■ DATASET RECORDS:
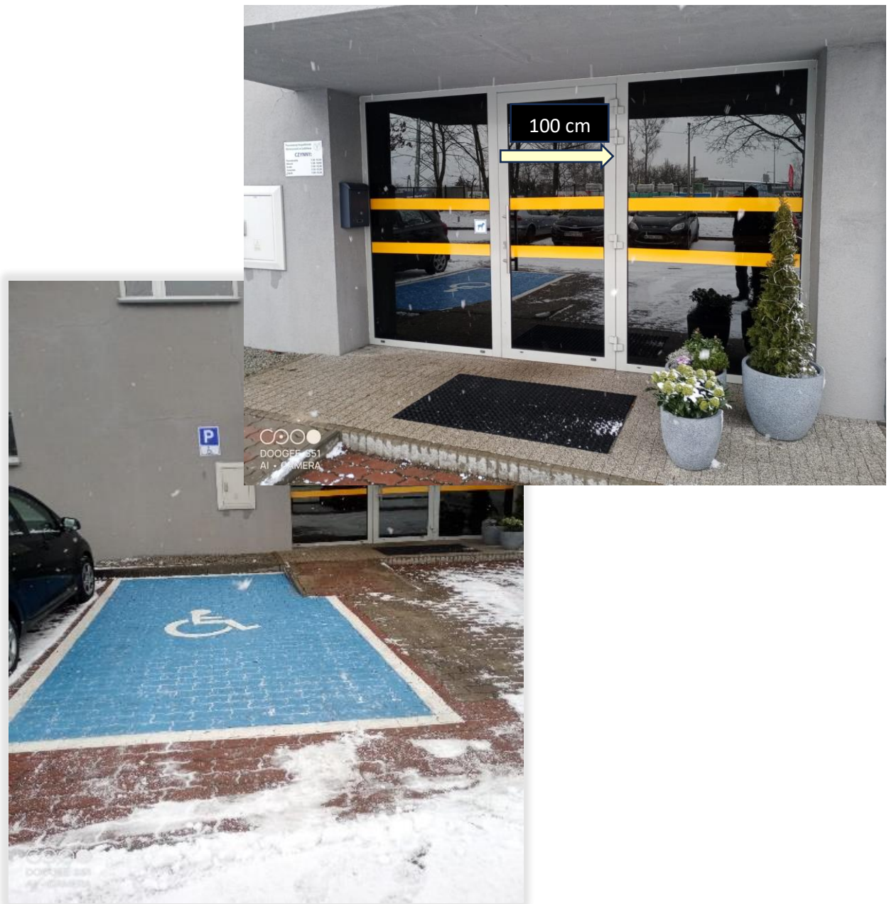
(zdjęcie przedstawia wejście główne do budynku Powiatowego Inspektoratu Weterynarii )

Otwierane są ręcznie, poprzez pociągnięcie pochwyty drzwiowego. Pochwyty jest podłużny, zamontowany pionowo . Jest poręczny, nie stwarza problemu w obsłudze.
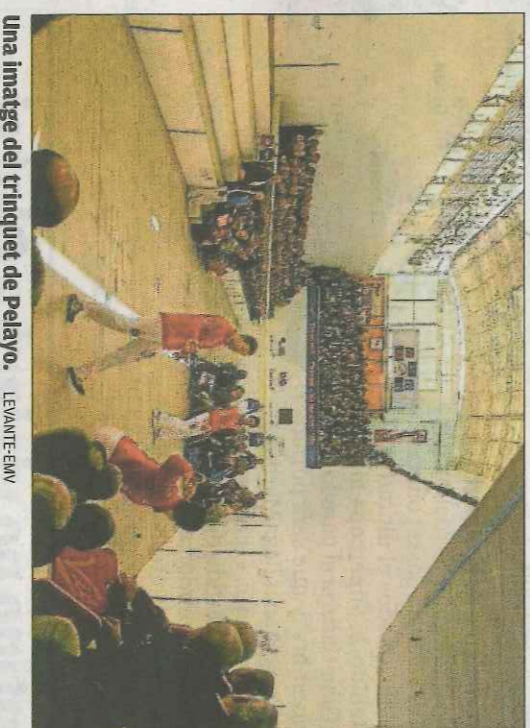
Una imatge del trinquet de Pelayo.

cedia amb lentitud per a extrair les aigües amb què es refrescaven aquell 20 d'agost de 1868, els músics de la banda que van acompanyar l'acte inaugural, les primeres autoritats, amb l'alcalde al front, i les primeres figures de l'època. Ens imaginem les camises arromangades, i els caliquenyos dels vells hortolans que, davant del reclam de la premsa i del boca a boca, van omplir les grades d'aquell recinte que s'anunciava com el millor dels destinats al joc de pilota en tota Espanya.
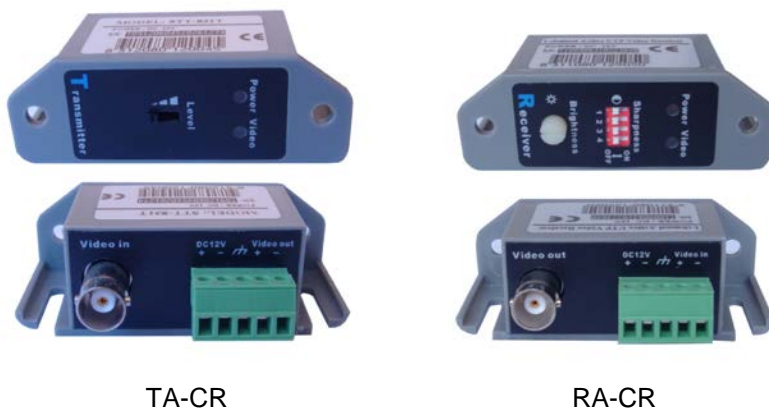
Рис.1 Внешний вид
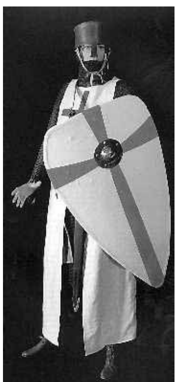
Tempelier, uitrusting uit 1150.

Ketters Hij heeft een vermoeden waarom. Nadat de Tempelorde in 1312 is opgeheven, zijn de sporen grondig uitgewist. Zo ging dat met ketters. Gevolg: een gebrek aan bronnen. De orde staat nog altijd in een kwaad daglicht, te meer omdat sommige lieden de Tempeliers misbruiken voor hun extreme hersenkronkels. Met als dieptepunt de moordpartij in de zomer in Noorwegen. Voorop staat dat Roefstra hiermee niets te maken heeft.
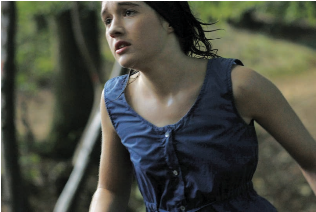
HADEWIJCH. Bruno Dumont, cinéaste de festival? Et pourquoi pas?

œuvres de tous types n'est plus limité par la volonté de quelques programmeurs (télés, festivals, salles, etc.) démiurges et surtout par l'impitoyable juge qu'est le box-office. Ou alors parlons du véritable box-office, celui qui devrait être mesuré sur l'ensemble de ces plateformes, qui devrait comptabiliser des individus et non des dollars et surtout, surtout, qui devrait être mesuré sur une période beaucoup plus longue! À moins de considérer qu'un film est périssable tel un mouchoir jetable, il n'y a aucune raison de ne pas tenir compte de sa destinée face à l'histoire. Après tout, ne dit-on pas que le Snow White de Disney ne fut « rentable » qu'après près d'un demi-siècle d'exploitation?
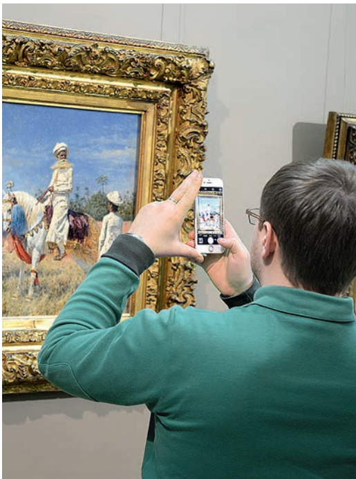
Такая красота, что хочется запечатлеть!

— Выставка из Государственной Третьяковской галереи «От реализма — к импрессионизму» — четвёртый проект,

■ WHAT IS BEING ASKED: Excluding images, return all of the records above word for word.

■ OUTPUT OF THE EXERCISE:
(zdjęcie przedstawia wejście główne do budynku Powiatowego Inspektoratu Weterynarii )

Otwierane są ręcznie, poprzez pociągnięcie pochwyty drzwiowego. Pochwyty jest podłużny, zamontowany pionowo . Jest poręczny, nie stwarza problemu w obsłudze.
Una imatge del trinquet de Pelayo.

cedia amb lentitud per a extrair les aigües amb què es refrescaven aquell 20 d'agost de 1868, els músics de la banda que van acompanyar l'acte inaugural, les primeres autoritats, amb l'alcalde al front, i les primeres figures de l'època. Ens imaginem les camises arromangades, i els caliquenyos dels vells hortolans que, davant del reclam de la premsa i del boca a boca, van omplir les grades d'aquell recinte que s'anunciava com el millor dels destinats al joc de pilota en tota Espanya.
Рис.1 Внешний вид
Tempelier, uitrusting uit 1150.

Ketters Hij heeft een vermoeden waarom. Nadat de Tempelorde in 1312 is opgeheven, zijn de sporen grondig uitgewist. Zo ging dat met ketters. Gevolg: een gebrek aan bronnen. De orde staat nog altijd in een kwaad daglicht, te meer omdat sommige lieden de Tempeliers misbruiken voor hun extreme hersenkronkels. Met als dieptepunt de moordpartij in de zomer in Noorwegen. Voorop staat dat Roefstra hiermee niets te maken heeft.
HADEWIJCH. Bruno Dumont, cinéaste de festival? Et pourquoi pas?

œuvres de tous types n'est plus limité par la volonté de quelques programmeurs (télés, festivals, salles, etc.) démiurges et surtout par l'impitoyable juge qu'est le box-office. Ou alors parlons du véritable box-office, celui qui devrait être mesuré sur l'ensemble de ces plateformes, qui devrait comptabiliser des individus et non des dollars et surtout, surtout, qui devrait être mesuré sur une période beaucoup plus longue! À moins de considérer qu'un film est périssable tel un mouchoir jetable, il n'y a aucune raison de ne pas tenir compte de sa destinée face à l'histoire. Après tout, ne dit-on pas que le Snow White de Disney ne fut « rentable » qu'après près d'un demi-siècle d'exploitation?
Такая красота, что хочется запечатлеть!

— Выставка из Государственной Третьяковской галереи «От реализма — к импрессионизму» — четвёртый проект,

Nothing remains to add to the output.